Financial Crime World

The Consequences of Financial Crime in Cyprus: A Gateway to Dubious Transactions

Cyprus, long notorious as a tax haven and haven for Russian oligarchs, has been used as a conduit for laundering criminal money. A recent investigation by Le Monde and its partners reveals the devastating consequences of this situation.

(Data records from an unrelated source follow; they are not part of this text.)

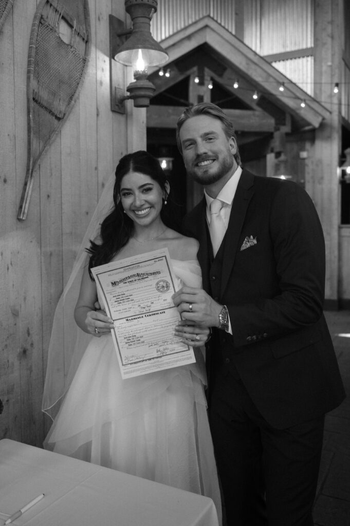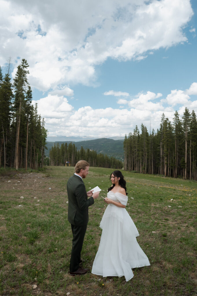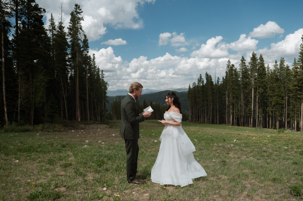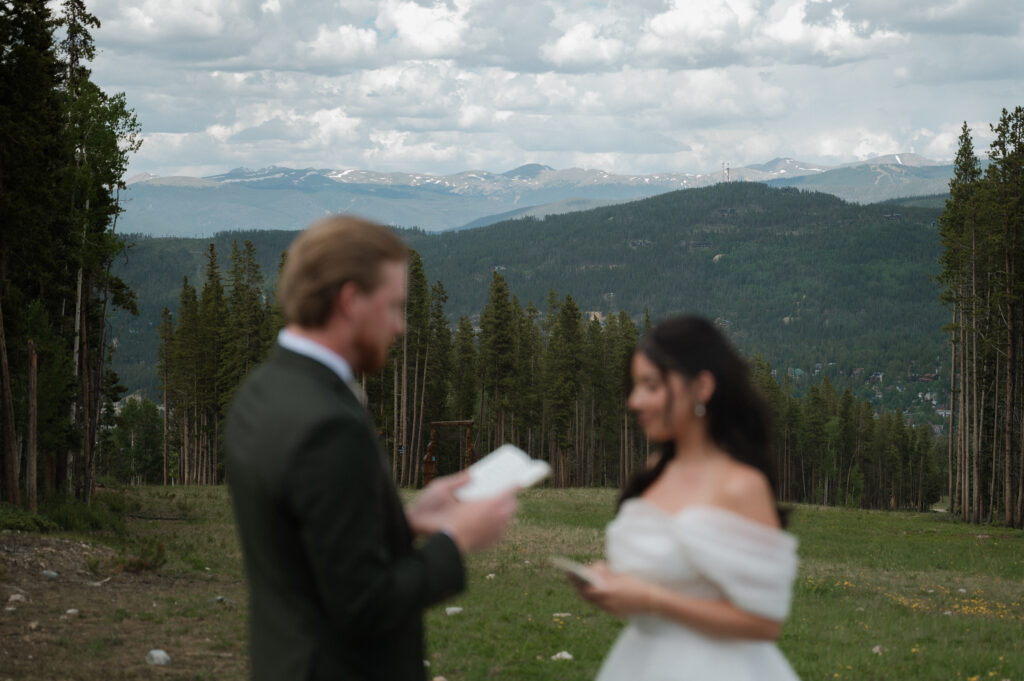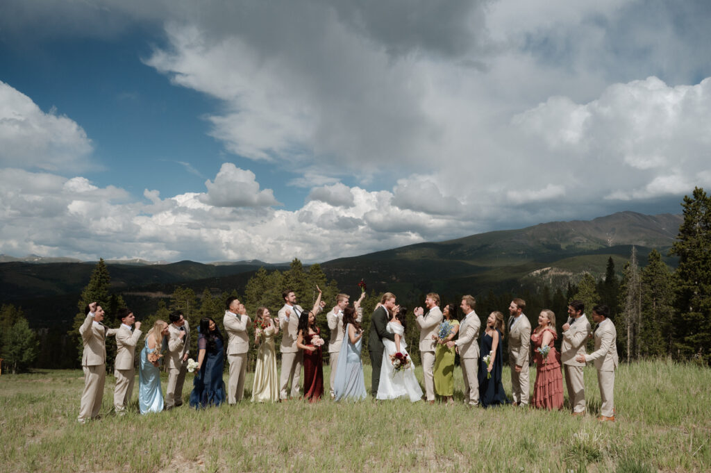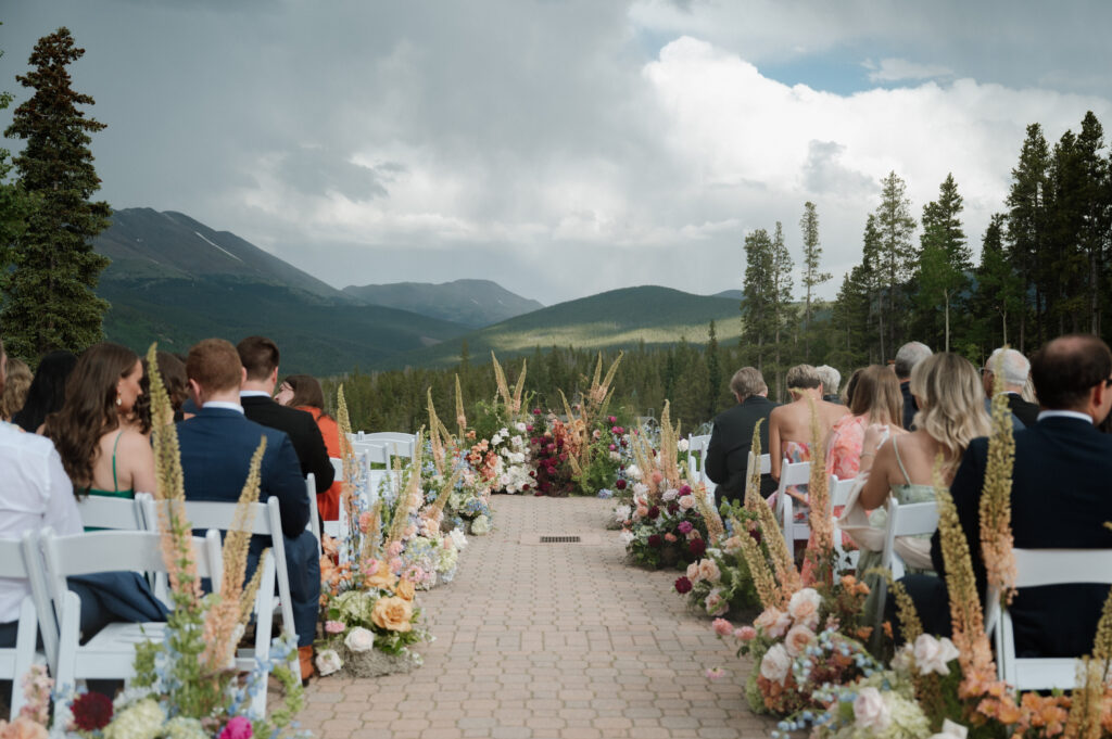 Their ceremony at TenMile Station in Breckenridge was already stunning, with panoramic mountain views behind them. But just as the ceremony began, a storm rolled through the mountains, creating deep, dramatic clouds that somehow made the entire scene even more beautiful & romantic.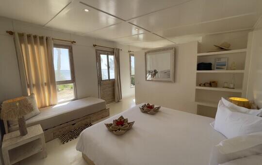 Die schöne Eco-Lodge (ehem. Ocean Vagabond) mit Hotel-Service liegt am Fuße einer großen Düne mit überraschend viel Grün! Im Haupthaus der Bungalowanlage befindet sich das Restaurant, eine Bar und ein Loungebereich. Eine Beach-Bar mit tollem Lagunenblick und eine Zen-Cabana mit Massagen und Yoga runden das Angebot für die Gäste ab. Die Anlage ist stilvoll, sauber und gepflegt und bietet auch für Kinder einen Außen-Spielbereich. Das Lagon Energy ist sehr vorbildlich in Sachen Umweltverträglichkeit und passt sich in der Bauweise perfekt an die Umgebung an. Die Bungalows sind aus „recyceltem“ Holz errichtet, haben ein Solarpanel für die Energieversorgung auf dem Dach sowie einen Tank zur Warmwasserzubereitung. Das Frischwasser kommt aus einem 5km entfernten Brunnen. Das Abwasser läuft durch eine Wasserwiederaufbereitungsanlage und wird im Anschluss als Nutzwasser z.B. zur Bewässerung verwendet. Die LED Beleuchtung im gesamten Bereich reduziert den Energieverbrauch.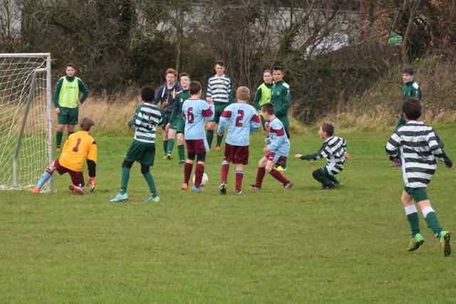 Castleknock Celtic came head to head against Vianney Boys for the third time this season at 3 different venues. This time it was at home in Porterstown Park on a mild morning after a couple of months of miserable rain. Celtic were keen to show the progress they have made this season, especially after an excellent win a couple of weeks ago at the National Sports Campus against Clontarf FC. They set about their task well. They held the visitors goal-less till midway through the first half, but a smart piece of finishing by Vianney gave them the advantage. Celtic did not lose heart and bounced back with a great piece of battling by Cosdel Burlacu who raced into the box to dispossess the Vianney keeper and set up Pedro Moreno who shot home into the far corner of the net to level things. 1-1 at half time.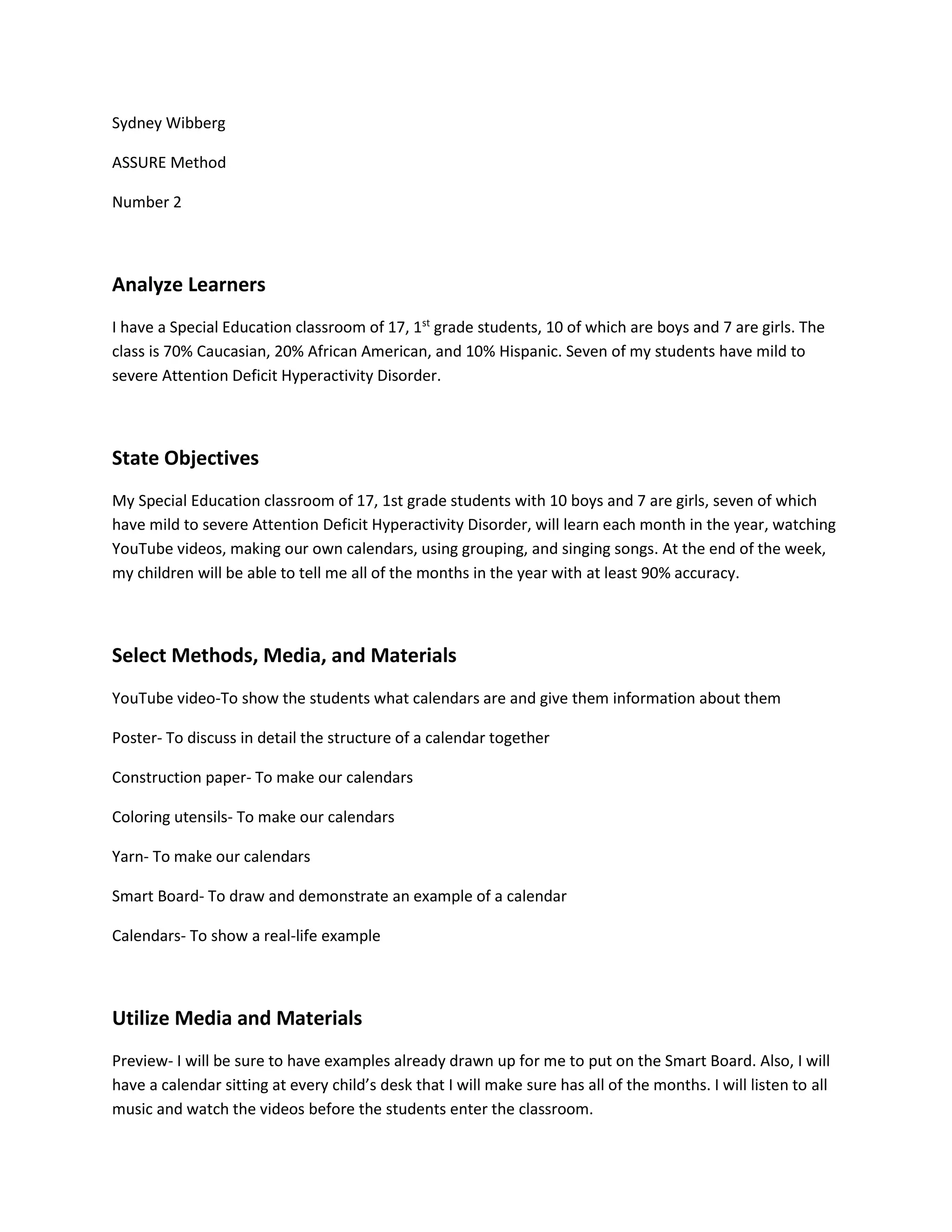 3) The methods include using a YouTube video, poster, construction paper, coloring supplies and a smart board to demonstrate calendars and engage the different learning styles.

The Investigation’s Findings

The investigation is based on leaked documents from six Cypriot financial services firms, including ConnectedSky, Cypcodirect Corporate Services, DJC Accountants, Kallias & Associates, MeritKapital, and MeritServus. The leaks were obtained by the International Consortium of Investigative Journalists, the Organized Crime and Corruption Reporting Project, and Paper Trail Media, with the support of Distributed Denial of Secrets.

  • Russian Sanctioned Individuals: The investigation identified 96 Russian individuals sanctioned by the West since 2014 who have ties to at least 800 separate companies or trusts.
  • Lax Financial Regulations: Despite repeated warnings from anti-money laundering authorities, the EU has failed to take action against Cyprus’s lax financial regulations. This has allowed shell companies to be registered on a large scale and Russian money to flow freely into the island.

The Consequences of Financial Crime

The investigation reveals that Cyprus has become a gateway for dubious financial transactions within the European Union (EU). The country’s economic model, based on its hypertrophied financial sector and close ties to Russia, has been used by Russian oligarchs to launder criminal money.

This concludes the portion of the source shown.